WordPress already does a wonderful job in maintaining an inter-connected links for posts, pages and archives. However, this can be improved significantly by deploying two powerful WordPress plugins; Related Entries and XML Sitemap Generator.
Running these two plugins pretty much covers most of what can be done in the SEO department for a splog. Heck, it might even be bordering on futile. However, from what I’ve discovered towards the end of this experiment is that it does help in the indexing process. But that will be discussed later.
I also realized that my only method of getting incoming links was from PPS. Being dormant, yet at the same time still having a considerable amount of real human traffic makes it an ideal gateway for me to get some incoming traffic.

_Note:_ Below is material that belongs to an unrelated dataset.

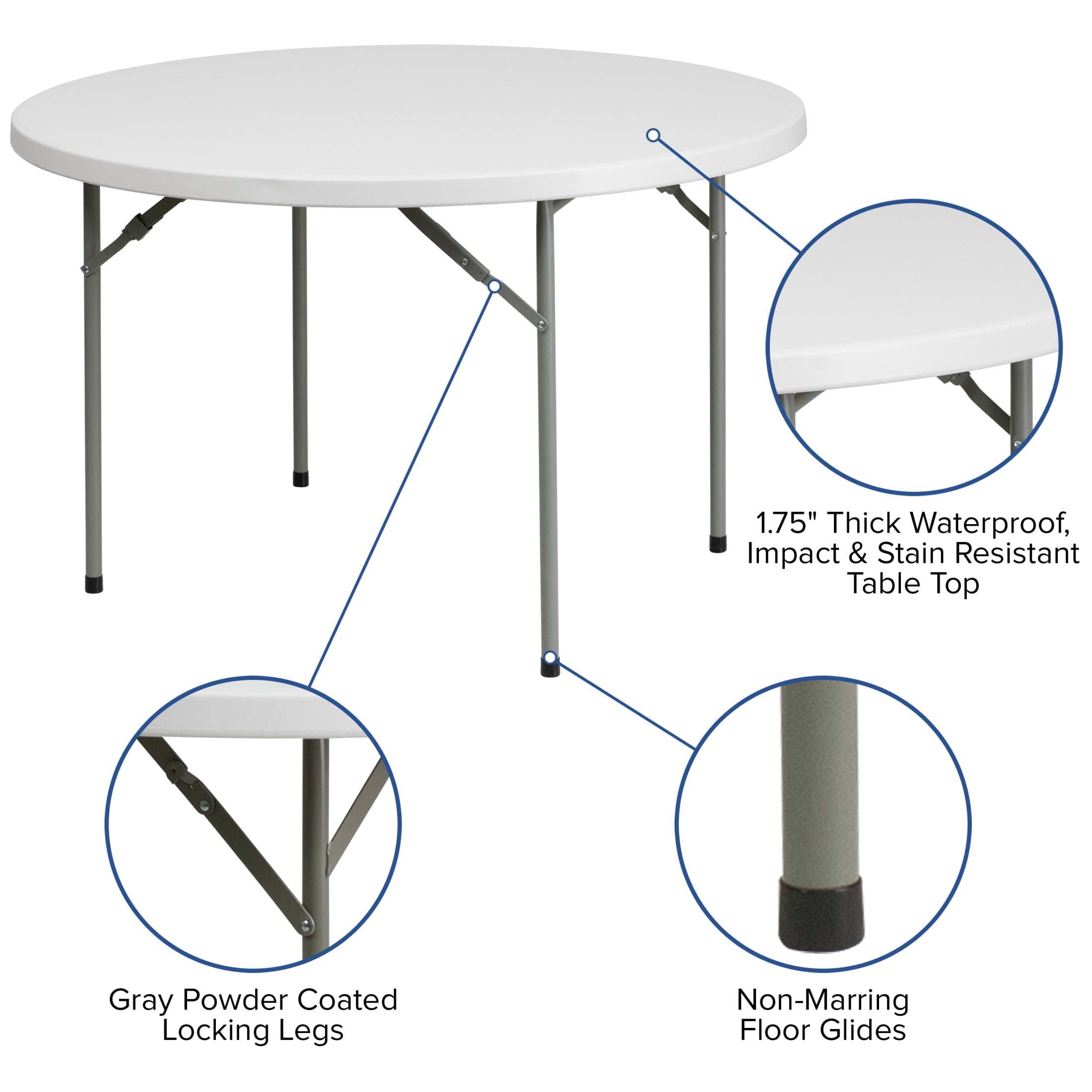 Flash Furniture Kathryn 4′ Round Plastic Event Folding Table, White Comfortably seats 6 adults at various indoor or outdoor events Convenient foldable design for easy transportation and storage Powder-coated locking legs with non-marring floor caps 1.75″ thick waterproof and impact and stain-resistant tabletop Can be used as is or dressed up with a tablecloth to achieve a custom look No assembly required; wipes down with a damp cloth for easy cleaning Overall size: 48″ W x 48″ D x 29″ H; Supports up to 500 lbs. of static weight Easy to clean – wipe down with a damp cloth as needed Supports up to 500 lbs. of static weight Overall size: 48″W x 48″D x 29″H NO ASSEMBLY REQUIRED: Supports up to 500 lbs. of static weight and measures 48″W x 48″D x 29″H with no assembly required, so you can start setting up for events right away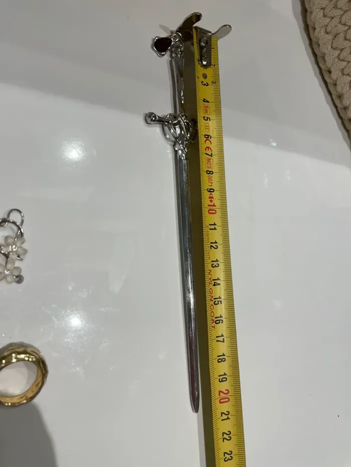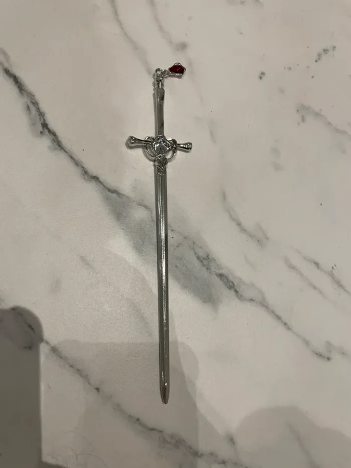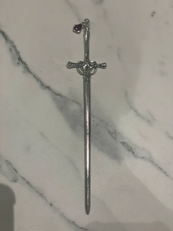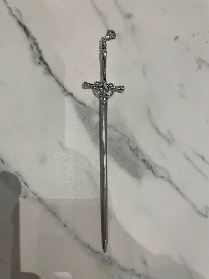 Ce pique à cheveux en acier est conçu en forme d'épée, un mélange de styles médiéval, gothique et witchy. Longueur 20,5 cm.

However, as I’ve mentioned earlier, having to manually ping it is a waste of time. I decided that I should start building a script that would automatically ping PPS and have incoming links generated for the posts in my experimental splog.
Day 5: Dissecting the PPS ping form
For the benefit of those unfamiliar with PPS, let me just do a quick overview here. PPS is an acronym for Project Petaling Street. It was started about five years ago and was the de facto Malaysian blog aggregator (or blogtal [short for blog portal] in the founders’ own words).
It operates using the trackback protocol and publishes all received trackbacks immediately onto its front page. There was only minimal moderation of content publishable on PPS. It essentially was a trackback-powered free for all web site. An alternative manual ping submission form is also available.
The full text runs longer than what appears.